My cauliflower pizza crust!

 

For sure, I was on edge by the time the kids and Perry got home an hour later – that wind tunnel noise was incredibly annoying. And, I slept on my closet floor that night and the next because it was more quiet than anywhere else in the house. But I got through it. What made the difference?

Friends.

I had three conversations this week that made the difference. On Monday, my friend and her husband met with Perry and I for lunch and we talked and laughed and cried for hours. Certainly this would have been good in any case, but it meant even more because of who this was. This friend has been battling breast cancer for months, going through chemo, surgery, and radiation and is still actively recovering from surgery and continuing her treatments. For her to take time to be with me, for them to make us a priority over all the other friends and family that they have, that was a gift that helped me remember what was truly valuable and not fly off the handle because of the details of a messy life.

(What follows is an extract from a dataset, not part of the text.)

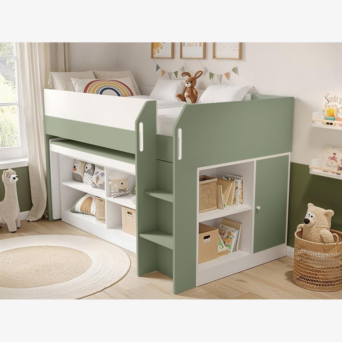 The Flair Aiden Cabin Bed Mid Sleeper is a stylish and practical solution for children bedrooms, offering a compact yet functional design. With its elevated cabin-style bed, integrated shelving, and a convenient pull-out desk, it the perfect choice to maximise space while providing a dedicated area for study, creativity, or play.

I also had a long conversation with a friend of mine from high school. She and I spent tons of time in high school together and have recently reconnected. Now that we’re all grown up with jobs and husbands and children, it’s so funny how we can love and support each other even more than we did in those challenging teenage years! She and I spent time talking about some of the hard and dark thoughts we each had been battling and helped each other through them. Our time reconnected me to the importance of relationship. It helped me rise above the daily grind and noise.

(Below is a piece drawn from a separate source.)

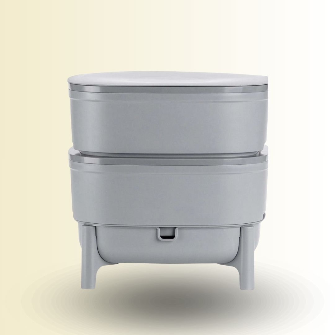 Mit diesem modernen Kompostsystem lässt sich sowohl hochwertiger Wurmkompost als auch Wurmtee als Flüssigdünger herstellen. Biomüll rein . Deckel zu . die Würmer erledigen den Rest. So entsteht in Hand um Drehen in deiner Küche hochwertige Komposterde für Garten, Balkon oder Zimmerpflanzen.

The third gift came in the form of one of my best friends, who arrived from Austin, Texas on Thursday night. She’s part of the reason I didn’t pack up and move to a hotel – I knew she was coming that night! Kacey was my maid of honor, she’s the godmother to our children, and she has the ability to talk me off a ledge like only a true friend can do. I texted her and apologized for the disaster she was coming into, and in true Kacey fashion she immediately texted back: Not a problem, See you soon. I can’t really explain what she did, but she’s one of those people who just becomes an additional family member when they show up, but only in the good ways! We talked about it at dinner last night. We were telling the kids about how I met their Auntie Kacey (they just think she’s been around forever, because for them she has!), and she mentioned that she doesn’t think she asked if she could come to visit for this birthday. She just made the flight reservations and let me know when she’d be here. And that was fine with us. That’s how the friends who are the closest are – they are the family that you choose. They are how we get through. They are the ones we know love us because they want to, because they know enough about us to walk away and they don’t. These three women are the reason this week that I can feel peaceful and grateful, instead of frazzled and frustrated.

 

Me and my girl

 

And now on to the birthday party celebration!